Éramos sete e fomos convocados para uma missão. Cada um de nós recebeu uma maleta que deveríamos abrir no momento oportuno. Uma complementaria a outra, em especial a de número sete que ficou com o Antônio Viana que assumimos ser o líder do grupo.

Saímos da sala da chefia e fomos ao vestiário nos prepararmos para realizar a missão a nós confiada. Um cartão com notas preliminares nos instruía que deveríamos vestir uniformes de combate e seguir para o hangar da firma, no Aeroporto Internacional de Onirópolis (ONR), pois teríamos uma missão especial em Boa Vista – RR e que, no momento apropriado, deveríamos abrir nossas maletas e seguir suas instruções.

Chegamos ao hangar às 22:00 em ponto, com meia hora de antecedência. Em nossas mentes, um turbilhão de pensamentos, tentando entender o que estaríamos a fazer nessa misteriosa aventura. Viana, René, Calixto, Luís Antônio, Fernando, Alex e eu, tagarelávamos mais que um bando de jandaias discutindo com periquitos diante de uma saca de sementes de girassol. Um Boeing 777 nos aguardava, pronto para ser conduzido à cabeceira da pista e decolar rumo a Boa Vista (BVB). A Equipe X, profundamente empolgada, adentra a bordo da aeronave.

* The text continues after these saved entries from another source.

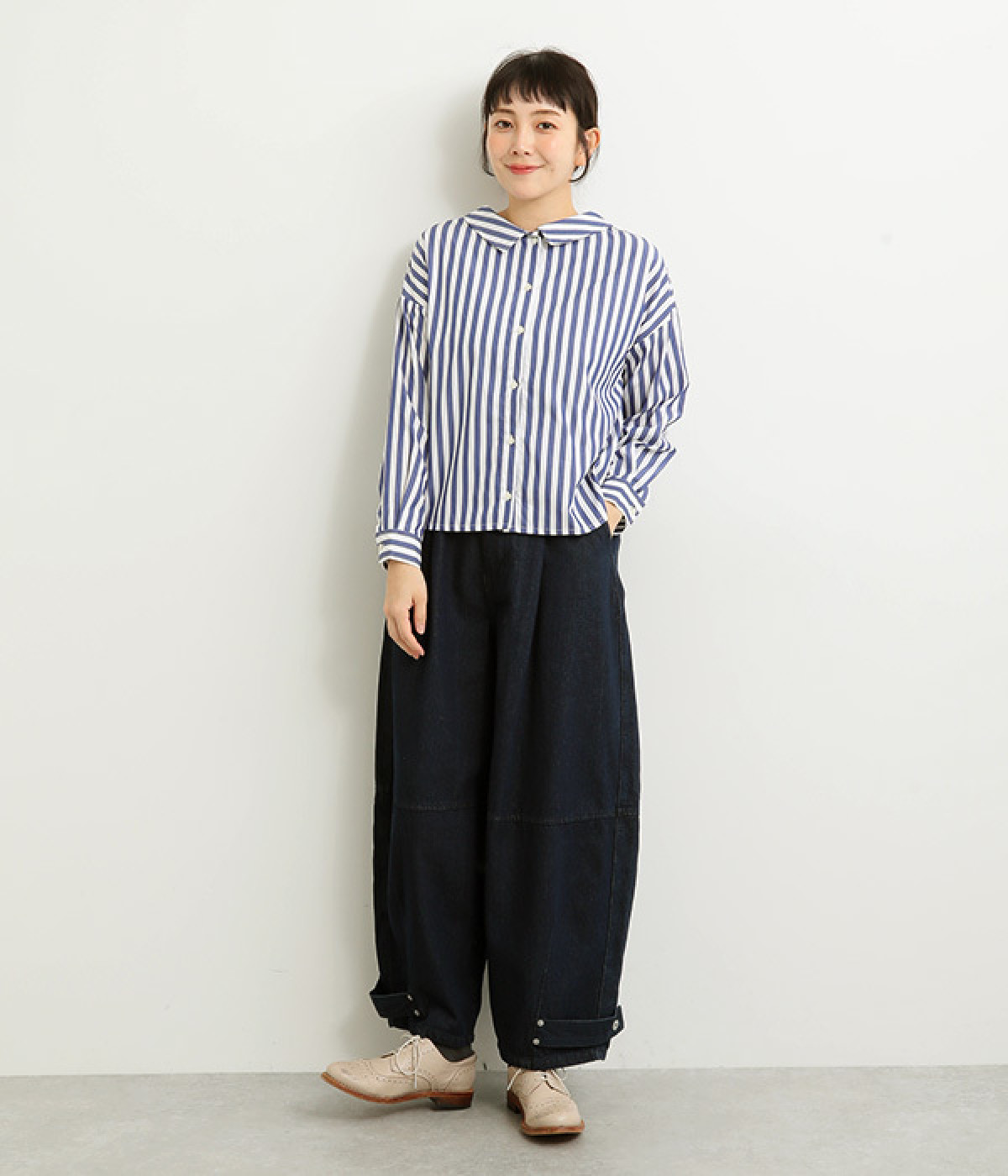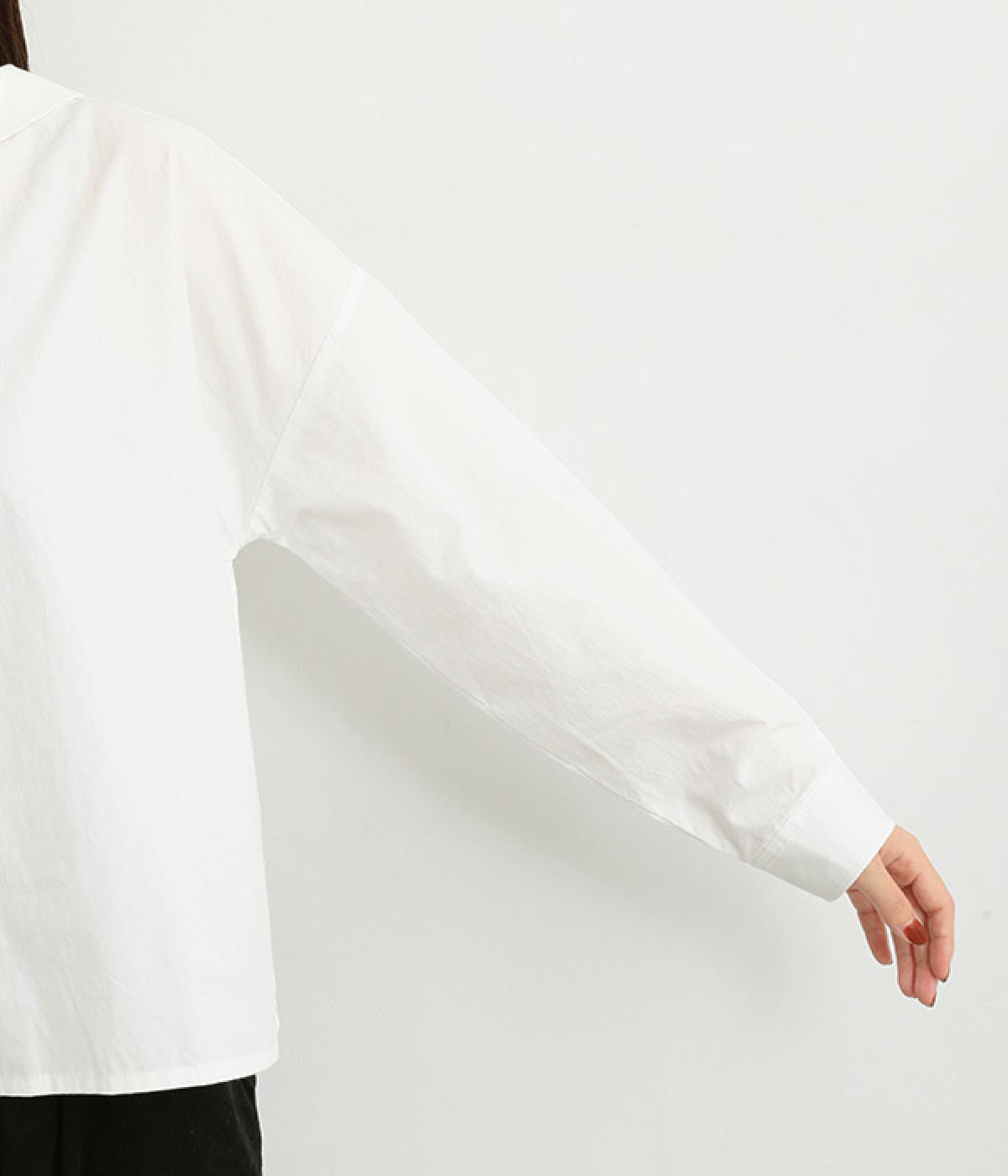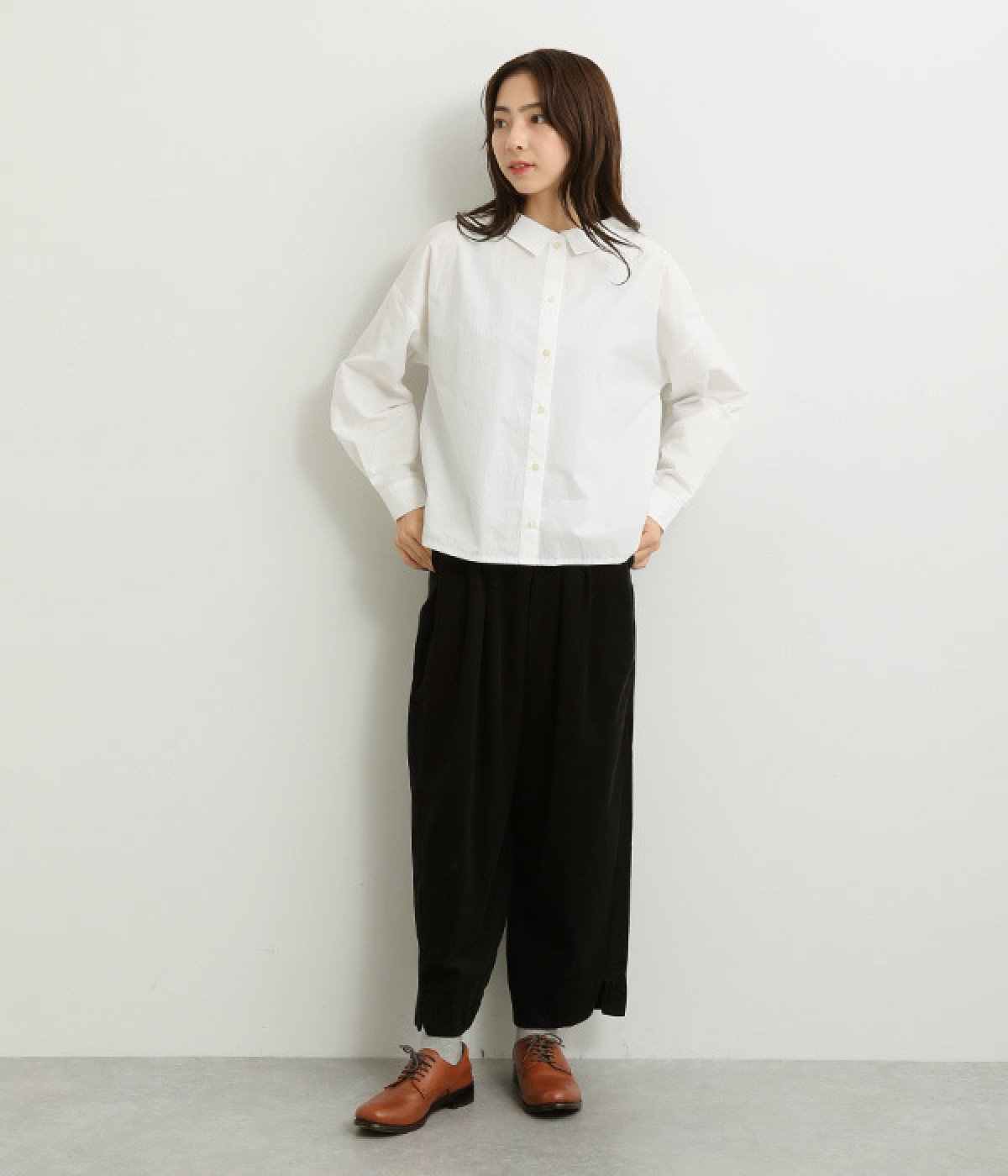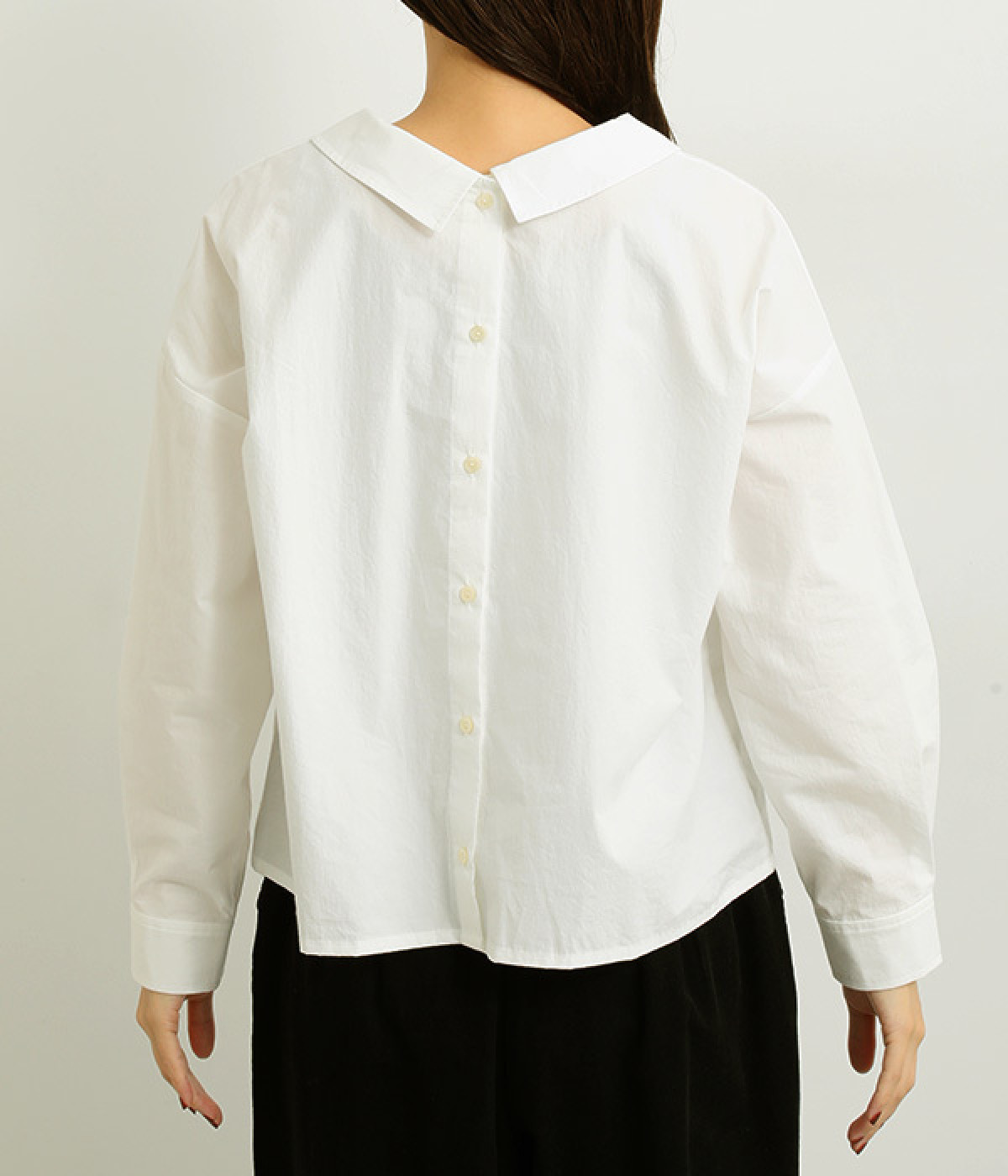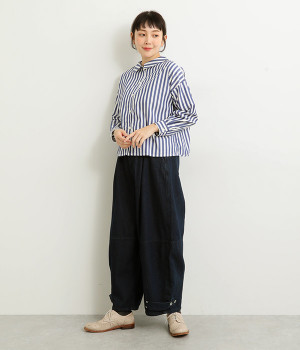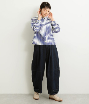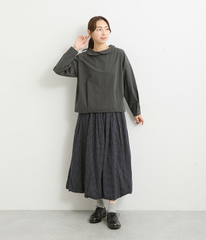 後ろ裾にタックを入れて、ワイドシルエットをふっくらと
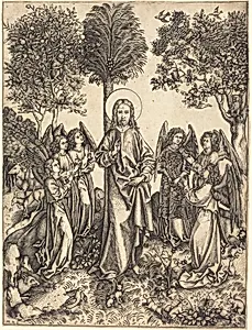Among his major works are *Mary Magdalen* (ca. 1490, Metropolitan Museum of Art), depicting the saint clutching an ointment jar atop a schematic mound; *Christ in the Wilderness Served by Angels* (ca. 1480–90, Metropolitan Museum of Art and National Gallery of Art); *Saint John the Evangelist* (ca. 1480/1490, National Gallery of Art); *Saint Elizabeth of Hungary* (late 15th century, Birmingham Museum of Art); and *The Baptism of Christ* (ca. 1480–1500, Clark Art Institute). These engravings, often in multiple states, showcase his technical prowess in rendering textures—from flowing hair to metallic halos—and his focus on popular saints, making sacred imagery accessible to a broader audience through affordable prints.
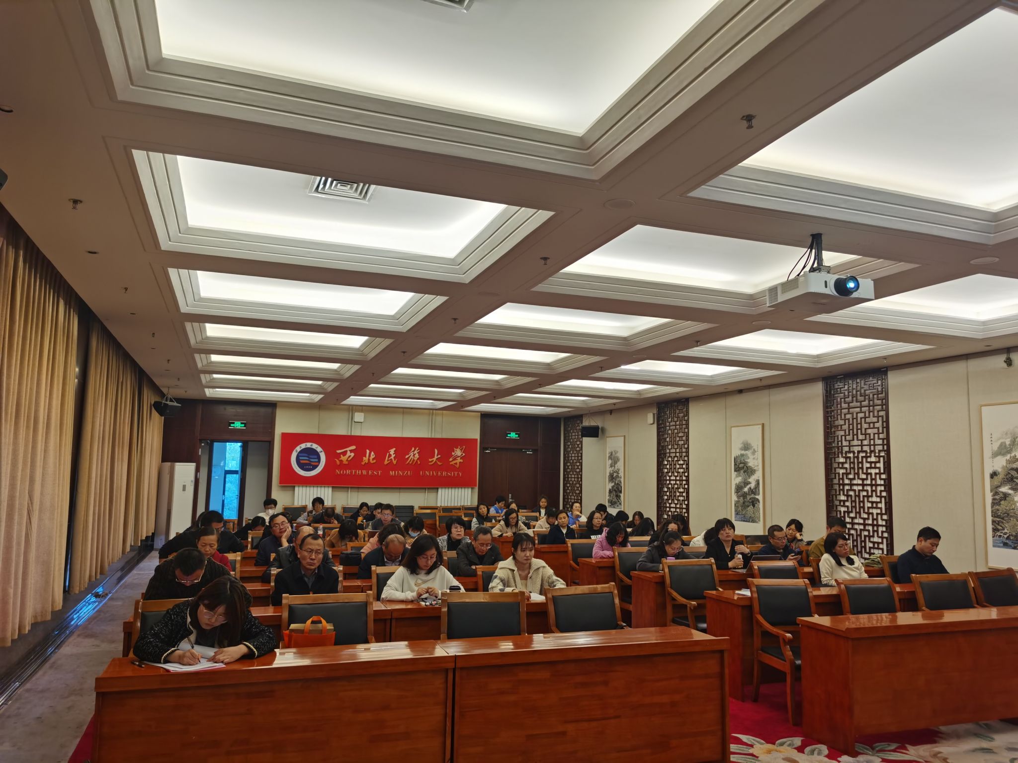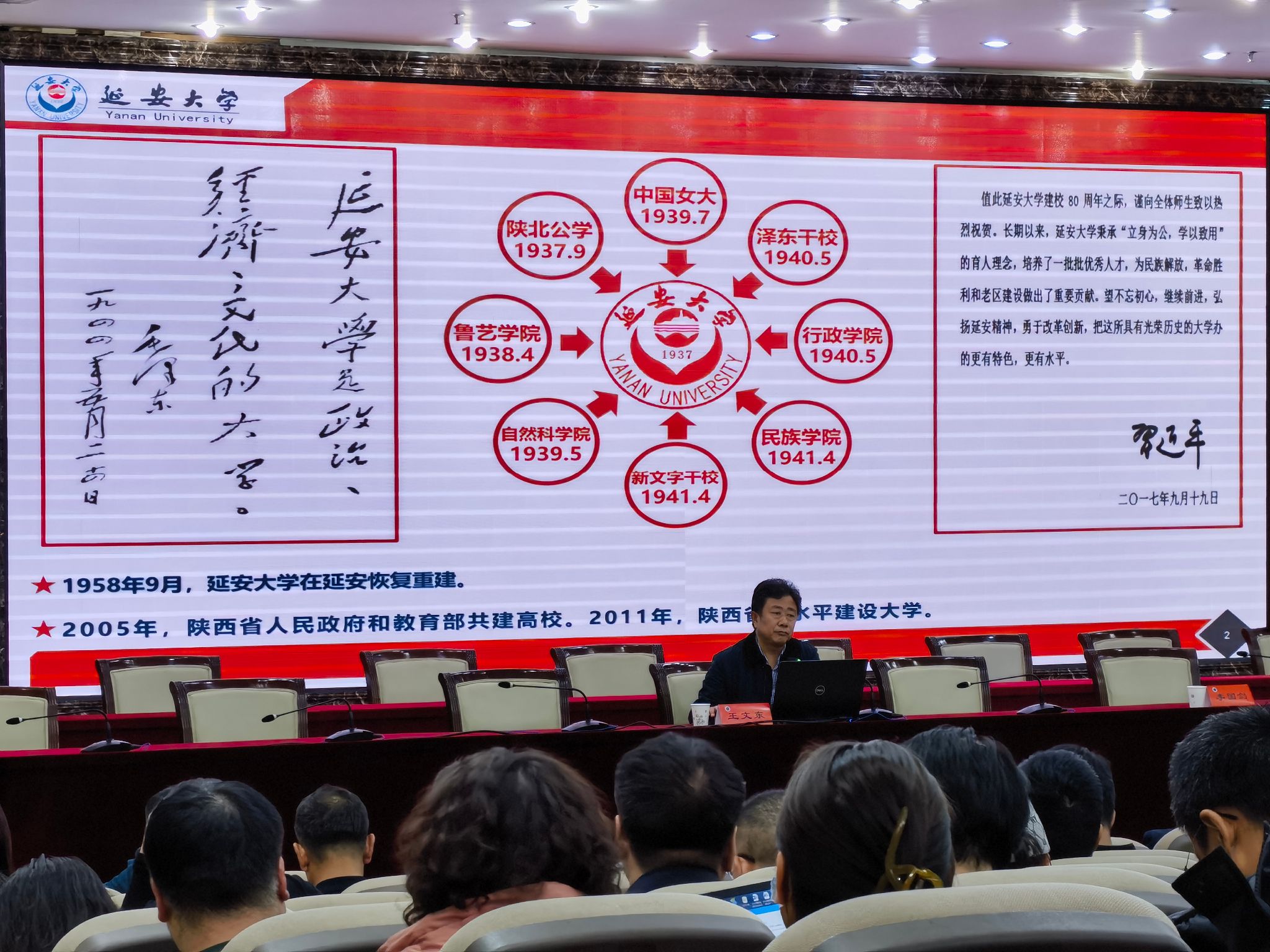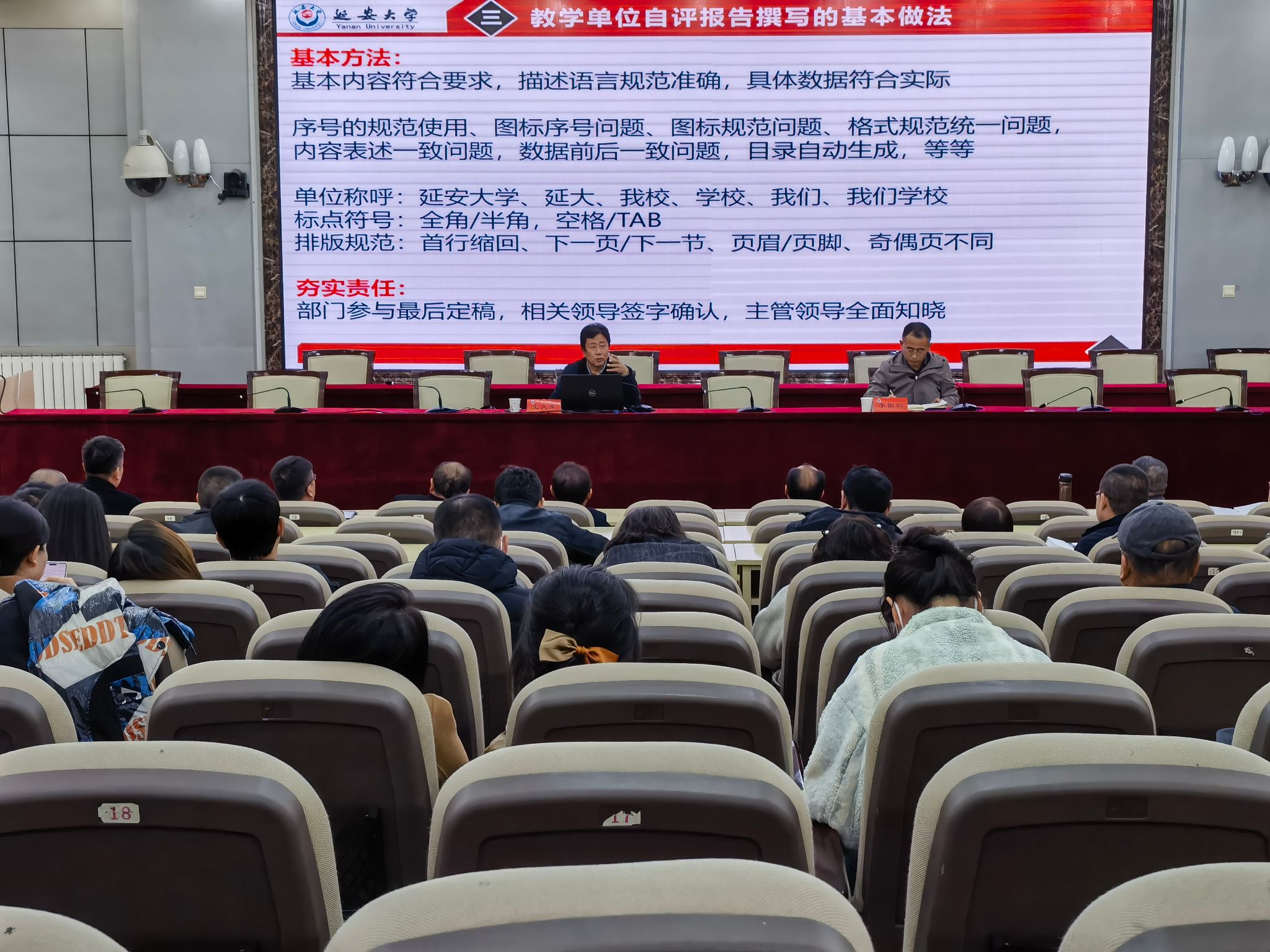 全体教职工参加,会议邀请延安大学教学质量监控与评估处处长王文东教授作了专题培训。
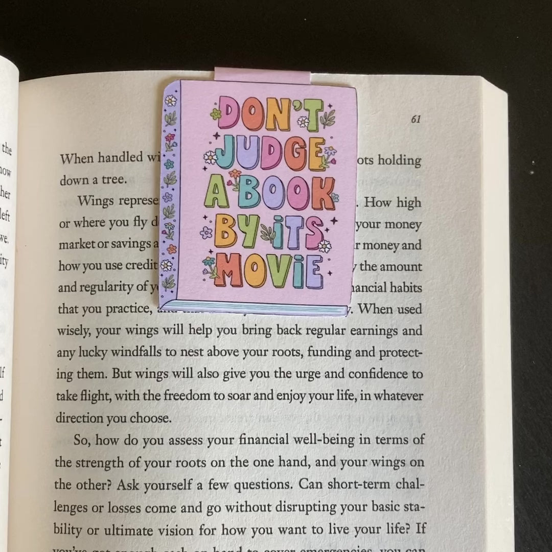 This listing is for one magnetic bookmark that says, "Don't Judge A Book By Its Movie." It's perfect for holding your place just about anywhere! Use it in your favorite book, planner, notebook, or wherever your heart desires!
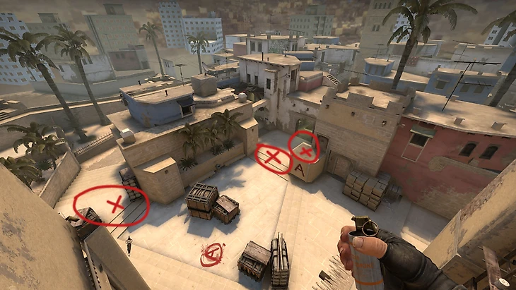 Для того, чтобы успешно занять эту точку, как правило нам понадобятся всего 3 смока. Закрывать будем stairs (головы), джангл (хелпа) и CT, как отмечено на картинке ниже.
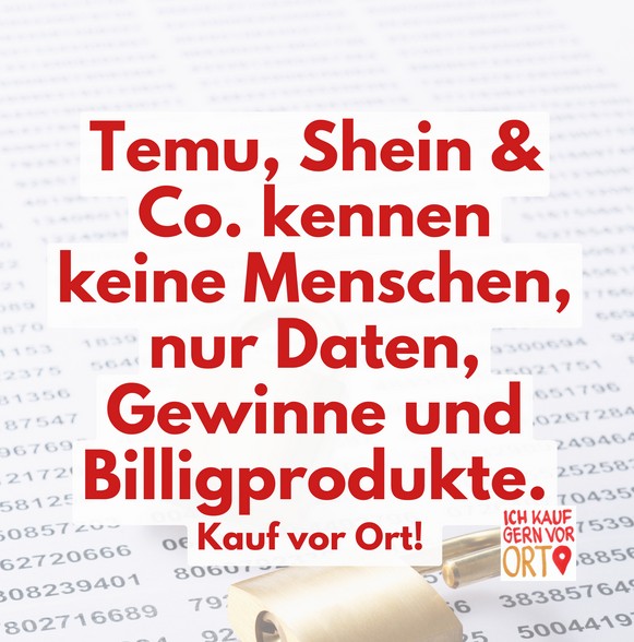 Temu, Shein & Co. interessieren sich nicht für dich – nur für dein Klickverhalten und deine Bestellung. Im Laden um die Ecke wirst du begrüßt, nicht gescannt. Hier nimmt sich jemand Zeit, hört zu, berät dich ehrlich – oft seit Jahren. Wenn wir vor Ort kaufen, stärken wir echte Begegnungen, kurze Wege und unsere Gemeinschaft. Nicht Datenströme und Gewinnmaximierung.

Vapores se derramam pelas saídas de ar-condicionado acima de cada poltrona, proporcionando amena temperatura interior. Um cheirinho agradável emana do interior do avião, dando sinal de perfeita higienização. Procuramos pela tripulação e, como ninguém encontramos, deduzimos que seríamos a própria “crew”, ou seja, a equipe técnica que iria conduzir o possante 777.

Nosso líder, agora autodenominado Comandante Viana, vai à carlinga da nave e toma o lugar do piloto. Convoca Fernando para assumir o posto co-piloto.

_ Você já pilotou um 777, Nando?

_ Já, mas num simulador de voo e nunca derrubei um, mas fiz homéricas decolagens e pousos dignos de pódios.

_ Eu também! Meu simulador é de primeiríssima geração e nele, não há igual para mim.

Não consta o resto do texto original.